> **RECORD SET**
▼
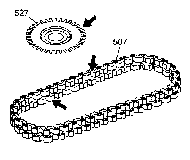 5. Assemble the drive (516) and driven (506) sprockets into the drive link assembly (507) according to one of the following criteria:
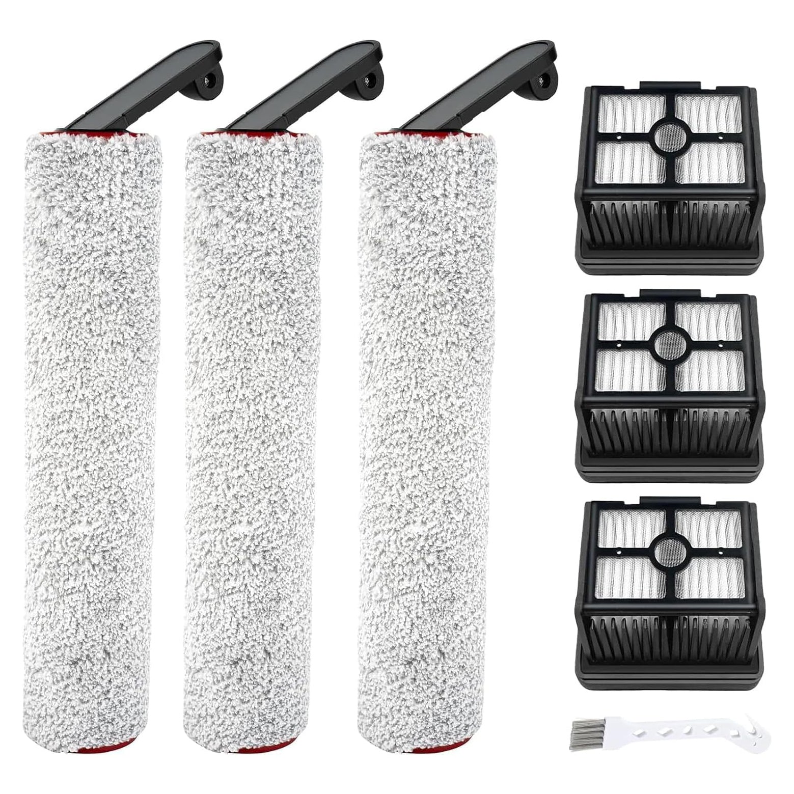 - EXCELLENT PREMIUM QUALITY:You will receive 3 replacement soft roller brushes and 3 vacuum filters, to replace your old ones in time and back up.1 cleaning tool with blades to help you get rid of tangled hairEngineered with a flat cylindrical structure, our brush rollers ensure gentle yet effective cleaning on various hard surfaces, including laminate, linoleum, sealed wood floors, marble, and tiles.
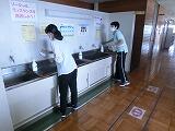 学校再開に伴い、放課後の消毒も始まりました。水道やトイレ、電気のスイッチやドアノブなど、多数の人が触れるような場所は、手分けして次亜塩素酸水で消毒をしています。さび防止で消毒した後は水で拭き取るなど大変な作業になりますが、生徒の安心・安全のため毎日頑張ります。
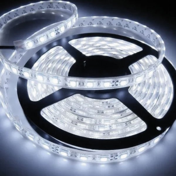 Kit tira de Led blanco frío 5050 de 5 mts siliconada para exterior + fuente de 3 amp
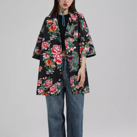 -インパクトのあるレトロ花総柄の半袖シャツ
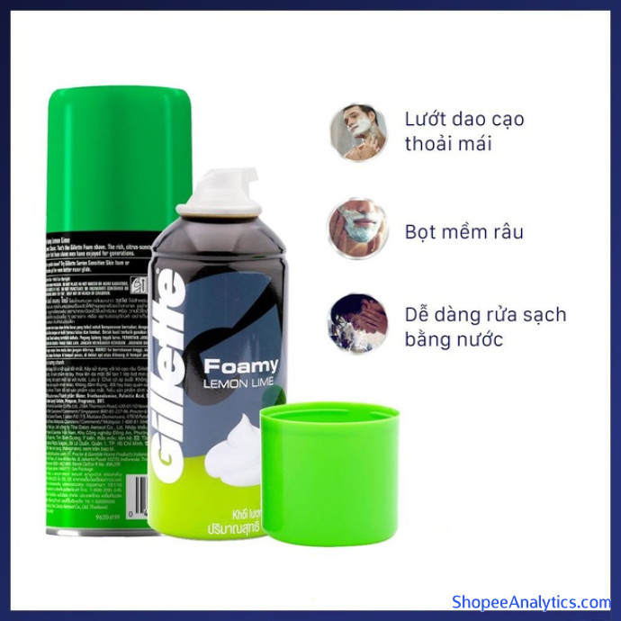 Bọt cạo râu Gillette Foamy Lemon Lime giúp mang đến cho phái mạnh cảm giác thoải mái và an toàn tuyệt đối khi cạo râu. Sản phẩm có tác dụng làm mềm chân râu và làm mềm da, giúp cho việc cạo râu trở nên dễ dàng và nhanh chóng hơn. Bọt cạo râu còn có tác dụng xoa dịu vùng da tổn thương, giúp se lỗ chân lông và ngăn ngừa viêm nhiễm cho da.
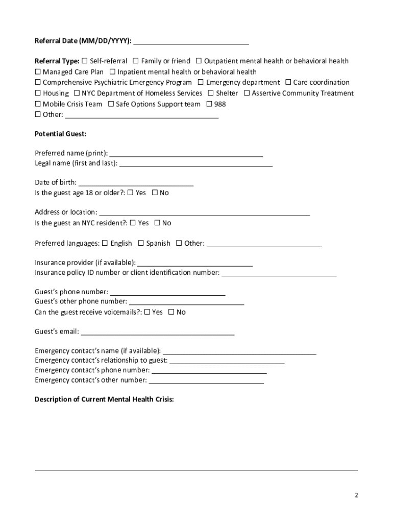 Este formulario se utiliza para referir a personas que experimentan una crisis de salud mental en Nueva York, donde pueden recibir apoyo en un entorno de hogar temporal. Los programas ofrecen estancias de hasta 28 días con acceso a soporte 24/7 y están destinados a personas que no están en riesgo inminente de hacerse daño.
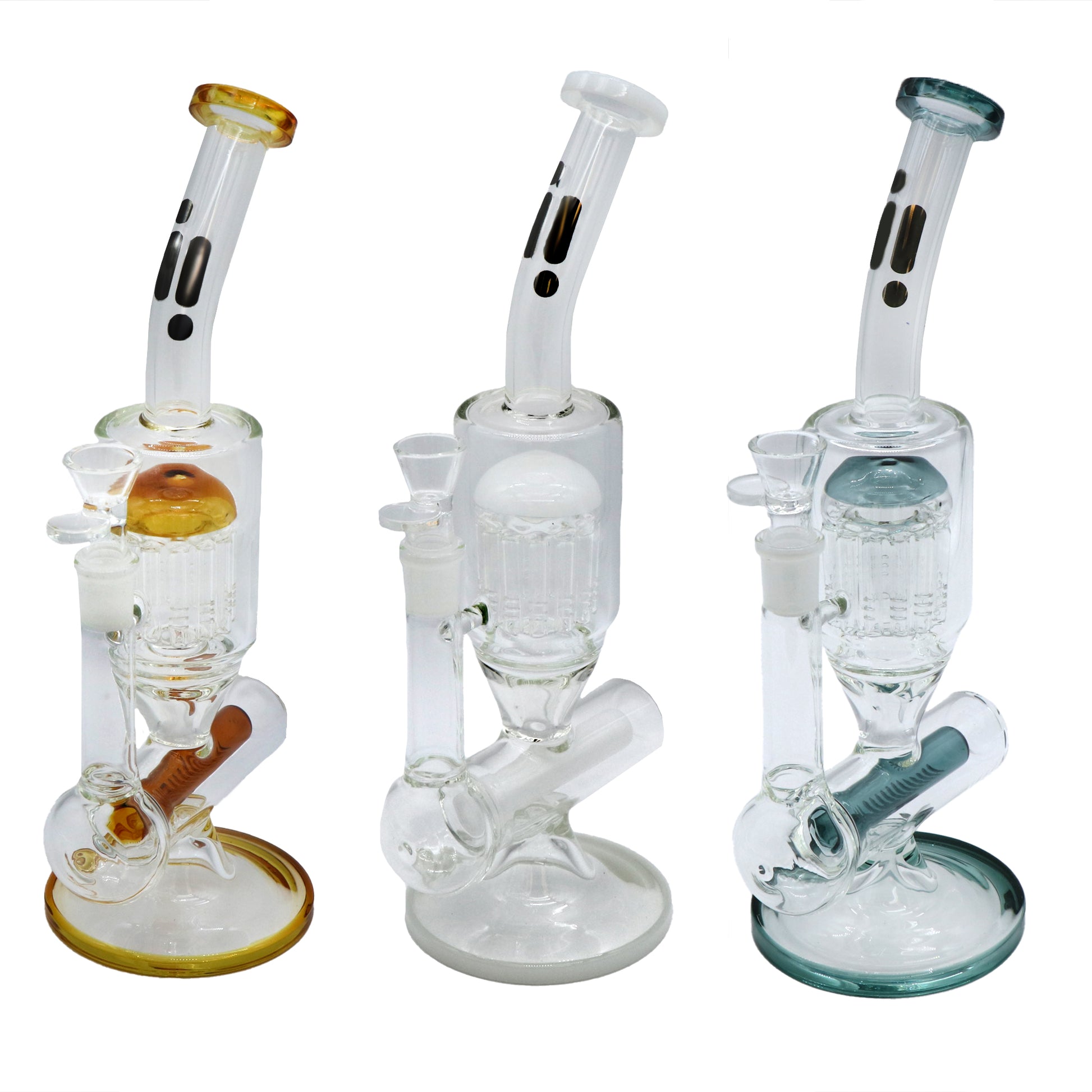 14" Water Pipe Inline, Tree Perk, Stemless, Bent Neck
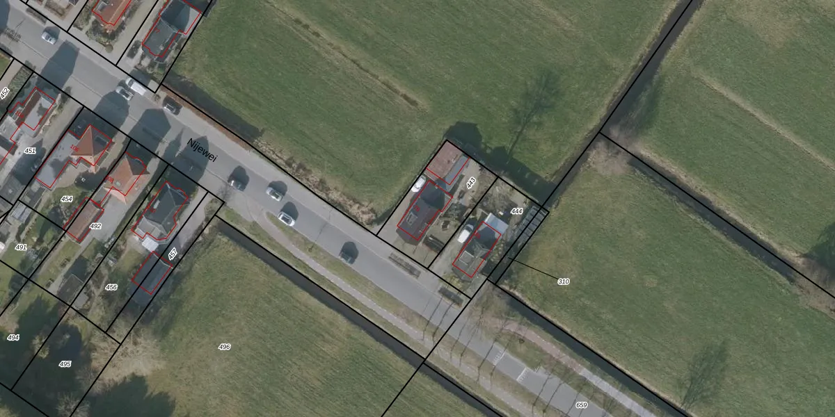 Nijewei 79 is gelegen op kadastraal perceel GRD00G443. Deze kadastrale aanduiding is uniek en wordt gebruikt door het Kadaster om eigendomsrechten en andere zakelijke rechten vast te leggen. Het perceel maakt onderdeel uit van de kadastrale gemeente Gorredijk.
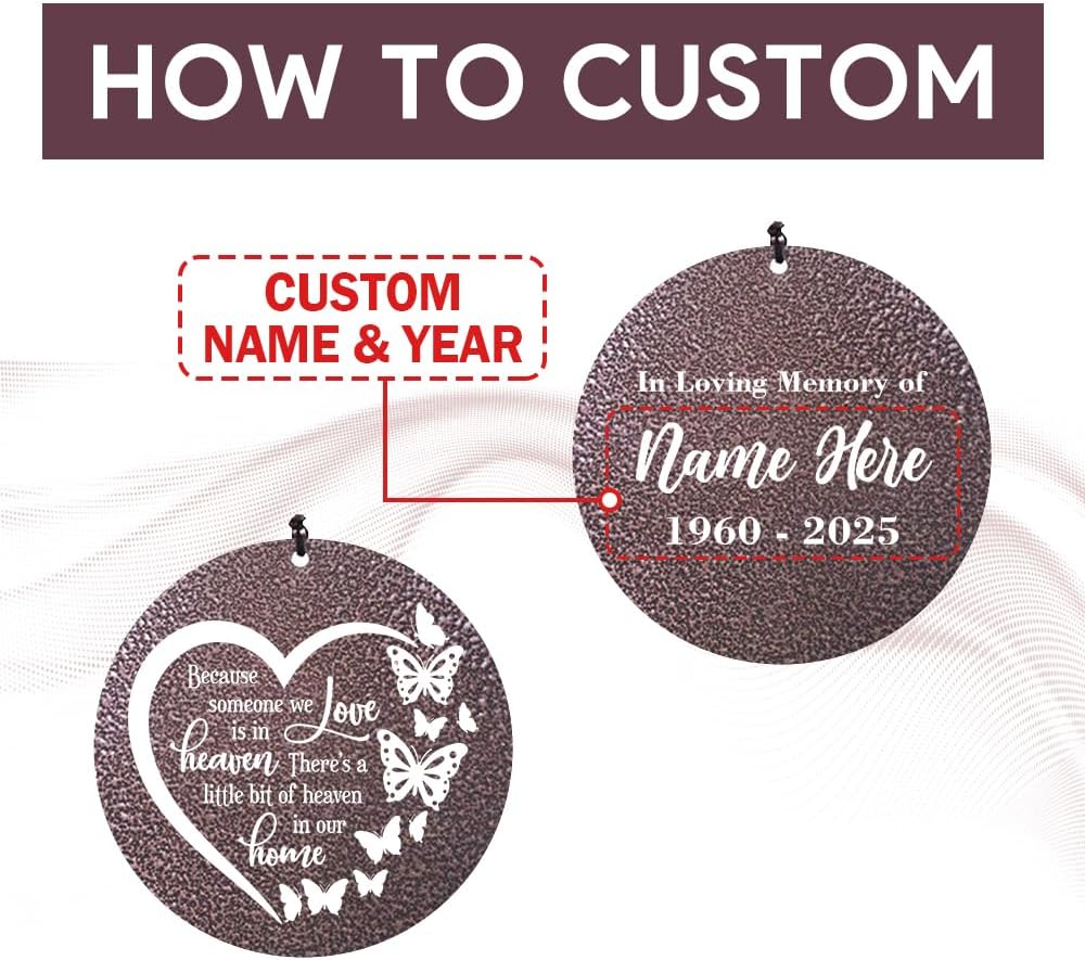 - šPersonalized Wind Chimes: With heart butterfly and some words like "Because someone we love is in heaven, there's a little bit of heaven in our home" on the one side of catcher, another side of catcher is customized the name&date you want. It provides peace and comfort to a grieving friend who has lost a loved ones such as parents and so on.
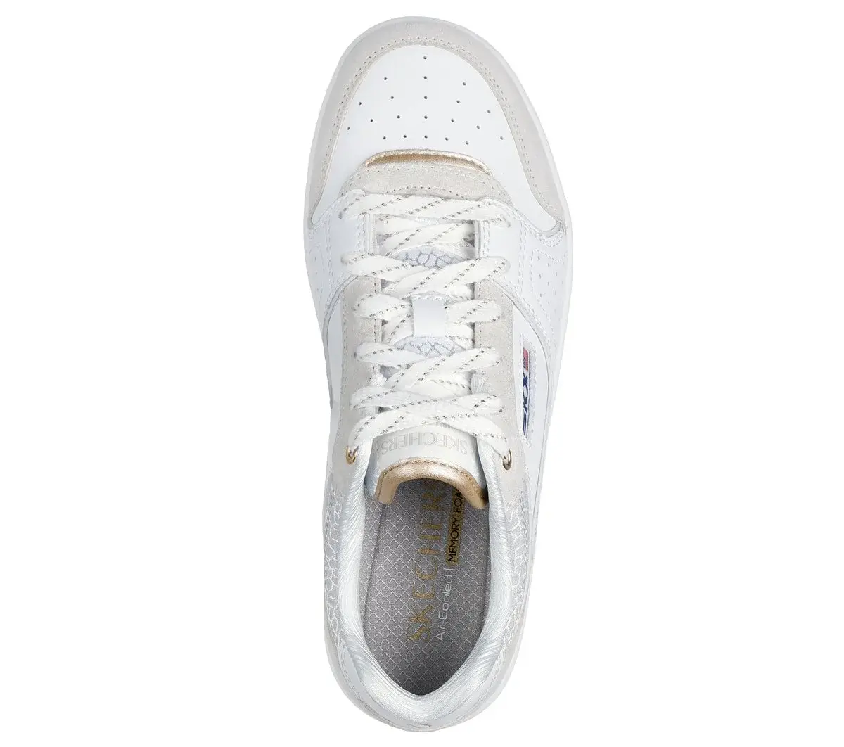 Casual modern style and comfort combine in Skechers Sport Court 2.0 – Metallic Break. Featuring a sleek court silhouette, this lace-up boasts a duraleather and pig suede upper with metallic trim, complemented by a cushioned Skechers Air-Cooled Memory Foam® insole.
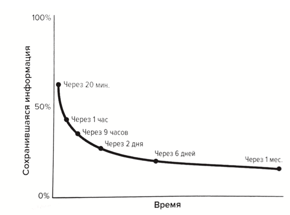 Я вас обманул, так как все таки не удержусь, чтобы не привести здесь так называемую кривую Эббингауза. Герман Эббингауз еще в 19 веке составил кривую забывания, то есть, что остается в нашей памяти спустя определенное время.
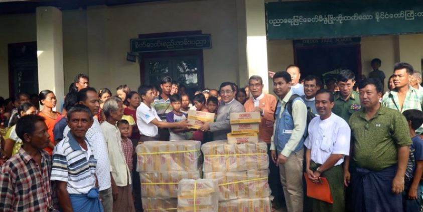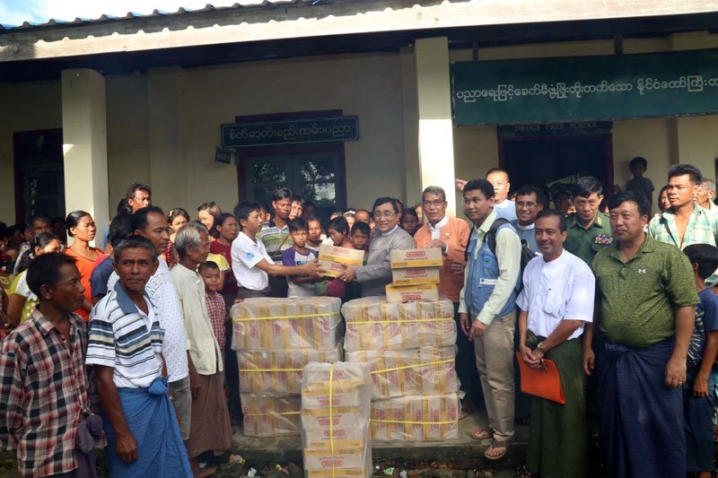 Union Minister for Social Welfare, Relief and Resettlement Dr. Win Myat Aye and Rakhine State Government Chief Minister Nyi Pu visited Maungdaw on August 27 and provided relief supplies to people fleeing from their homes, a news release said.
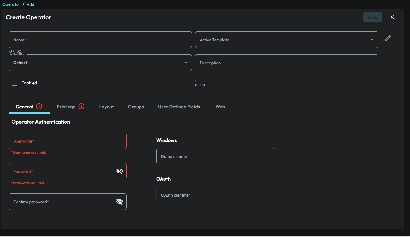 You use the Operator editor to assign privileges to an operator. A privilege is a collection of rights to use access control objects. For example, readers, doors, inputs, outputs, and schedules. In C•CURE 9000 you use the Privilege editor to create privileges. For more information about privileges, refer to the C•CURE 9000 Software Configuration Guide.
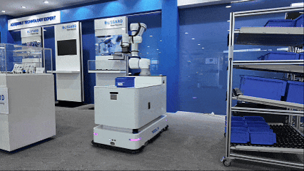 復合機器人實時接收指令,自主導航至貨架區,通過掃碼精準識別物料位置,抓取對應料盒,沿最優路徑送達工位、放置指定庫位,系統自動確認補貨完成,機器人返回等待區。
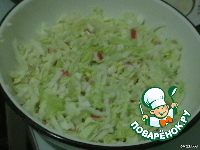 Легкий и вкусный салатик на праздник и после праздника. С пекинской капустой и крабовыми палочками.
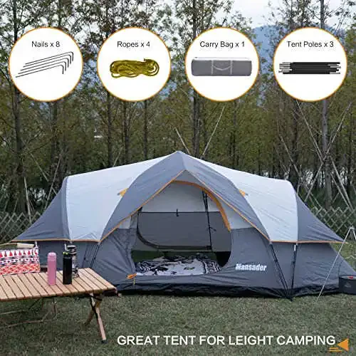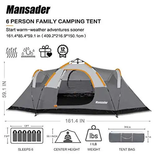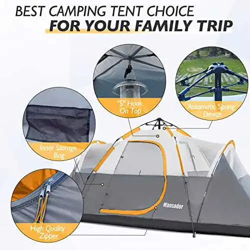 Семейная палатка для кемпинга Mansader на 6 человек - водонепроницаемая, ветрозащитная, простая в установке
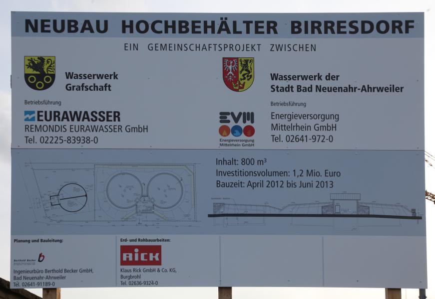 | 19:19, 6. Jun. 2012 | 2012-06-05-Neubau Hochbehaelter Birresdorf.jpg (Datei) | 55 KB | Andreas Thun | {{Information |Beschreibung = Infotafel zum Neubau des Trinkwasserhochbehälters |Datum = 05.06.2012 |Quelle = Eigene Aufnahme (bearbeitet) |Urheber = Andreas Thun |Lizenz = {{CC-BY-SA}} }} Kategorie:Datei:Foto | 1 | |
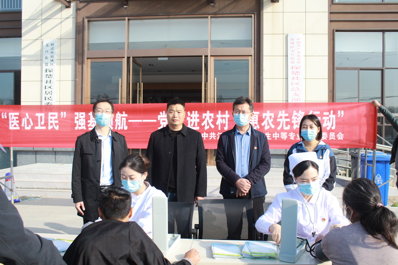 为贯彻落实市卫健委党委“医心卫民”强基领航“六大先锋行动”的有关要求,11月5日,宿迁卫校赴探楚居委会开展“医心卫民”强基领航—党员进农村“惠农先锋行动”。
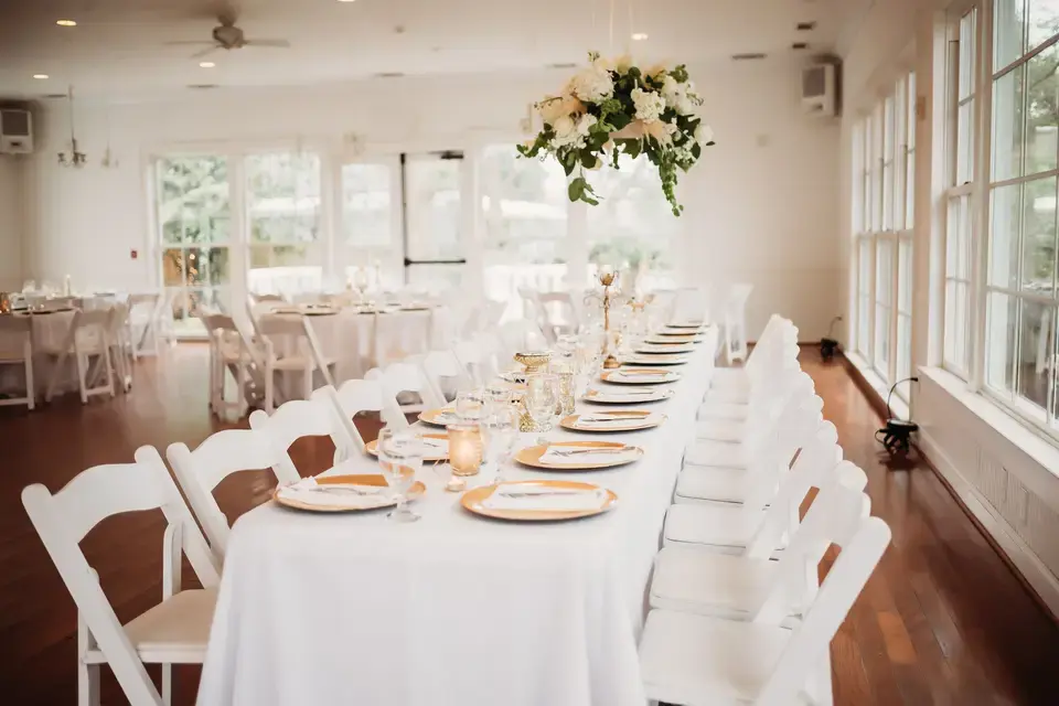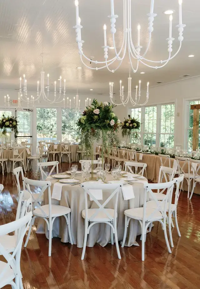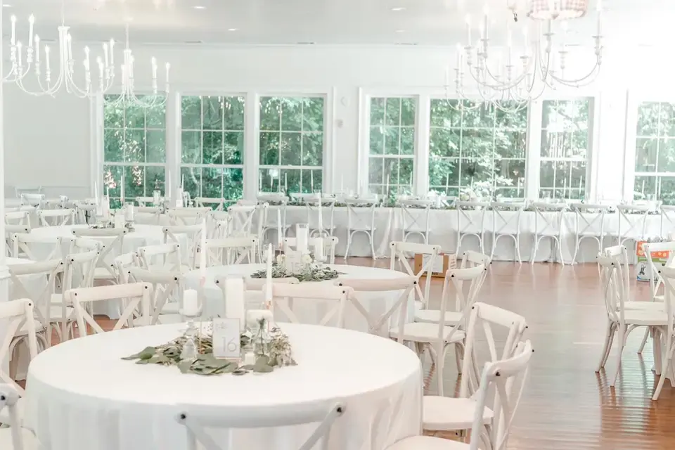 A 3,000 sq. ft. modern addition designed with floor-to-ceiling windows, soaring ceilings, and crystal chandeliers. It offers a "natural light" feel during the day and an elegant, polished atmosphere for evening dancing and dining.
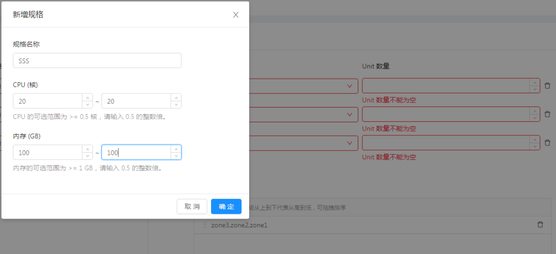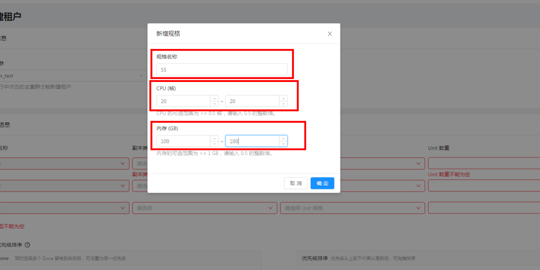 选择集群,租户名称要自定义,新增Unit规格,范围上下给一样的。
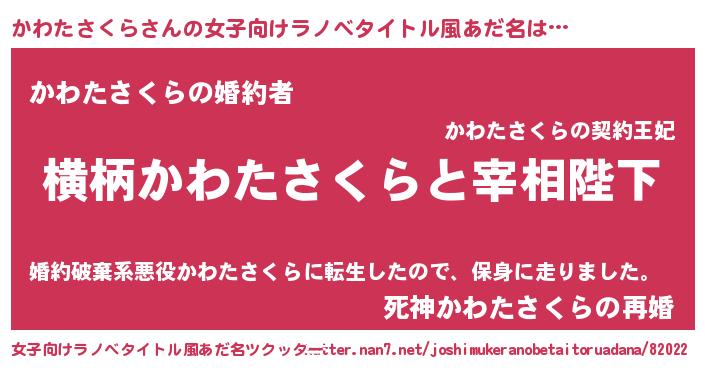 | 胡散臭い通販商品みたいなあだ名 | 『世界が平和になる高級そうな絵画…その名も「かわたさくら」』 |
▲
> **WHAT TO WORK ON**
Only the lines from the first line of the listing above through the line with "Bọt cạo râu Gillette" should be set down, exactly and without pictures.

> **TASK SOLUTION**
 5. Assemble the drive (516) and driven (506) sprockets into the drive link assembly (507) according to one of the following criteria:
 - EXCELLENT PREMIUM QUALITY:You will receive 3 replacement soft roller brushes and 3 vacuum filters, to replace your old ones in time and back up.1 cleaning tool with blades to help you get rid of tangled hairEngineered with a flat cylindrical structure, our brush rollers ensure gentle yet effective cleaning on various hard surfaces, including laminate, linoleum, sealed wood floors, marble, and tiles.
 学校再開に伴い、放課後の消毒も始まりました。水道やトイレ、電気のスイッチやドアノブなど、多数の人が触れるような場所は、手分けして次亜塩素酸水で消毒をしています。さび防止で消毒した後は水で拭き取るなど大変な作業になりますが、生徒の安心・安全のため毎日頑張ります。
 Kit tira de Led blanco frío 5050 de 5 mts siliconada para exterior + fuente de 3 amp
 -インパクトのあるレトロ花総柄の半袖シャツ
 Bọt cạo râu Gillette Foamy Lemon Lime giúp mang đến cho phái mạnh cảm giác thoải mái và an toàn tuyệt đối khi cạo râu. Sản phẩm có tác dụng làm mềm chân râu và làm mềm da, giúp cho việc cạo râu trở nên dễ dàng và nhanh chóng hơn. Bọt cạo râu còn có tác dụng xoa dịu vùng da tổn thương, giúp se lỗ chân lông và ngăn ngừa viêm nhiễm cho da.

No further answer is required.